The ceilings are still a mass of cabling, but Mr Tydeman said the lighting is fitted and working. He said 99 per cent of the ship’s 180 miles of cabling had been installed and half of it is connected.
Computer consoles on both the bridge and in the control room beside the engine room are operating, although the equipment has been there so long its software has had to be upgraded.
Mr Tydeman said work was continuing on remaining tasks downwards from the top deck, where some 30 crew cabins are among the most complete areas. Work is also moving up from the engine room, with the car deck the last section to be finished.

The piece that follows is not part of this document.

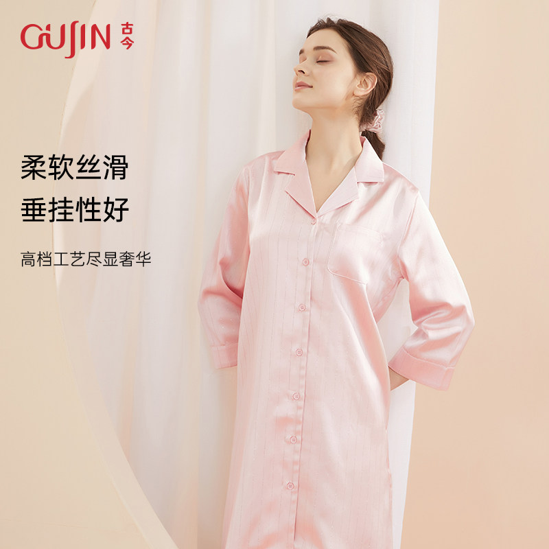 古今商场同款夏季柔软丝滑七分袖细条纹显瘦翻领家居服睡裙7P361

He said: "We have got all the final finishings of ceilings and walls to go up, but that’s the cosmetic stuff. There’s a few systems still to commission and a lot of testing to do, as well as fitting the furniture. The servery area and galley are equipped and the fridges and cookers in place.”
But it’s been a long time coming – the ferries have been under construction for eight years compared to the scheduled three years.
Mr Tydeman, who joined the yard last year, said the labour involved would have been “very significantly” reduced if sections [or modules] of the ship had been fitted out before being installed in the vessel, rather than that work being completed on board.
He said “a lot of the problems were because of decisions made a long time ago to build an empty ship”, which “embedded a lot of the issues that we’ve spent years solving”. He added: "They put the welding and construction together that just didn’t think about the conventional shipbuilding processes.”
That led to Glen Sannox weighing 2,200 tonnes when it was launched, while 802 will be nearly one third heavier at about 3,000 tonnes when it is goes down the slipway – and be finally named – which is planned for the end of November. Mr Tydeman said: “That gives you an idea of how much more we’re planning to put inside before launch”.
He said 802 would be “structurally complete” by early summer and is due to be finished in late summer of next year. The two ships are expected to cost three times their original £97m contract.
Mr Tydeman said the previous owners had started work on the vessels – the largest and most complex the yard has ever built – in 2015, a year after it went into administration for the first time. with just 70 workers remaining. He said: “That’s not a daft decision provided you take time to plan it – and they didn’t. It’s as simple as that.”
But he said winning a contract to build part of the Royal Navy’s type 26 frigates for BAE Systems was “really important” both for the reputation of the yard and staff morale, “knowing there is something else after 802 – we need to see there’s light in the tunnel for a future”.